「ハンナさん、どこですか?」
一緒の夕食に誘おうと、日の落ち始める頃の、朝顔に囲まれた家を訪ねる。
「はーい!
ハンナはここです!」
彼女の家はいつも鍵が掛かっていない。
それというのも、私が訪ねてくるのを見越して開けているのだそうだ。
「こんにちは」
「いい天気ですねえ」
袖をまくり、庭の朝顔に水をやっている様子はとても涼しげで、一瞬肌を覆う汗の感覚も忘れていた。

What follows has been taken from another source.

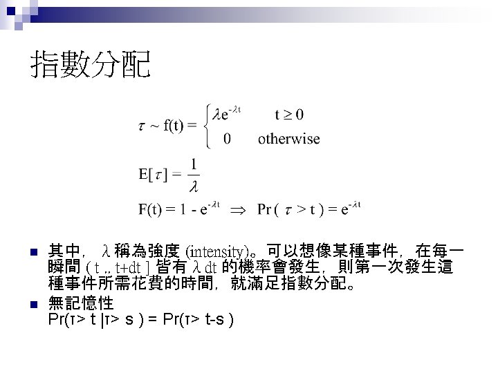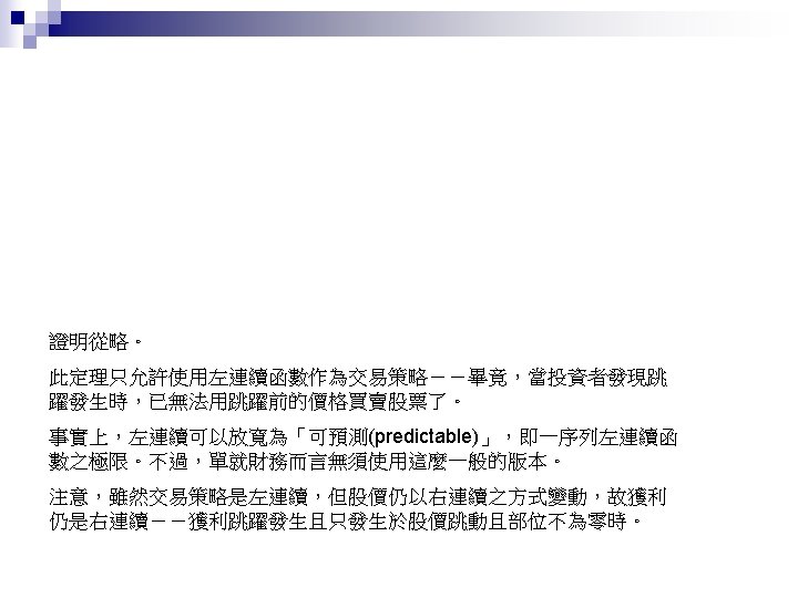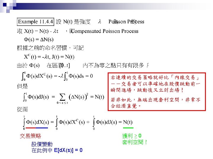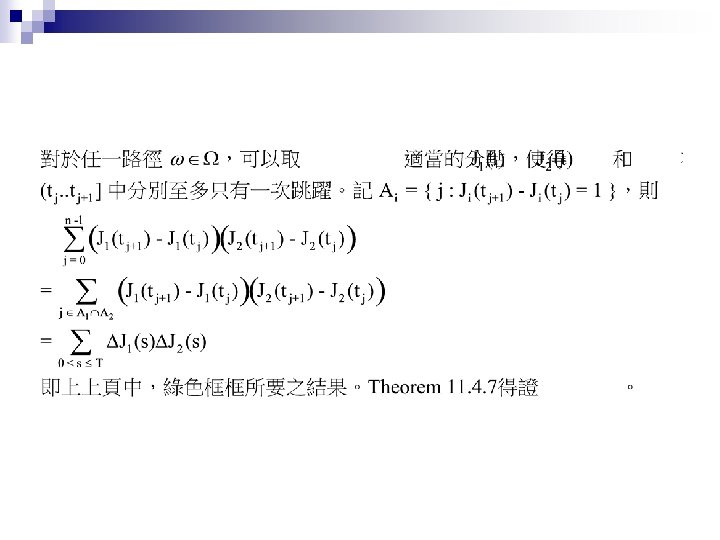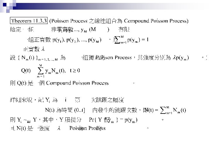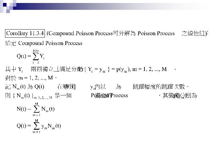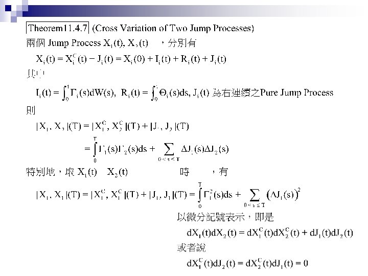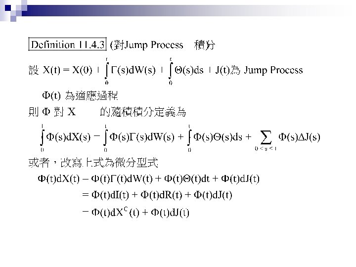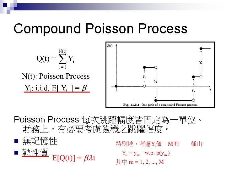 Jump Process Shreve E Stochastic Calculus for Finance Slides: 27 Download presentation Jump Process Shreve E. Stochastic Calculus for Finance II Chap. 11. 1 ~ 11. 4 動機 n Credit Risk: Modeling, Valuation and Hedging Chap. 2. 4. 2 (2. 48 ~ 2. 50) 大綱 Poisson Process n Compound Poisson Process n Jump Process and Their Integrals n Compensated Poisson Process Martingale Property n n n 由 Theorem 11. 2. 3,易知 t > s 時 E[ N(t) – N(s) ] = Var[ N(t) – N(s) ] = λ(t-s) 從而 M(t) = N(t) –λt 是鞅 (martingale)。稱此為 Compensated Poisson 過程。 N(t)在兩次跳躍之間保持為常數。此一性質對 M(t) 並不適用。 大綱 Poisson Process n Compound Poisson Process (Random Jump Size) n Jump Process and Their Integrals n 大綱 Poisson Process n Compound Poisson Process n Jump Process and Their Integrals (黎曼積分 + 伊藤積分 + 純跳躍) n Jump Process之機率空間 Brownian Motion Poisson Process-兩者皆無記憶性,且互相獨立 Jump Process & Its Integral Quadratic Variation Cross Variation

縁側に腰掛け、待たされる間しばしの観察をする。(おや、今日は私が贈った蝶の髪飾りをしている。)
「菊さん、かき氷でも食べますか?」
「すみません、いただきます」
「すこし待っていてくださいね」
落ち着く暇もなく、ハンナさんはあちらへこちらへ、ぱたぱたと動き回った。
ちょうどよい涼風が一吹き。
彼女の膝に頭を預ける。
優しい手はそっと肩に置かれ、緩やかな扇の風は私の黒い髪を撫でた。
「こうするのも久しぶりですね」
「ええ」
「最近はちっとも構ってくれませんし」
楽しそうにからかうように、ハンナさんの声は極めて穏やかに流れた。
もちろん、彼女が私をからかうためにこんな声の表情をするとは思っていない。
………彼女は本気なのだ。
「寂しかったですか」
敢えて訊くと、彼女はふっと笑って、分かっているくせにと言った。
そして相変わらず、ゆったりと膝の上の私の頭から首にかけてを扇いでいる。
まったく寂しくなんかなかったですよ、と見せるように。
「ドイツさんやイタリアさんが時折訪ねてくださいますから」
「……それは困りました」
この間はアメリカさんが、私の家のお風呂の窓枠も壊しましてね。フランスさんが、イギリスさんが……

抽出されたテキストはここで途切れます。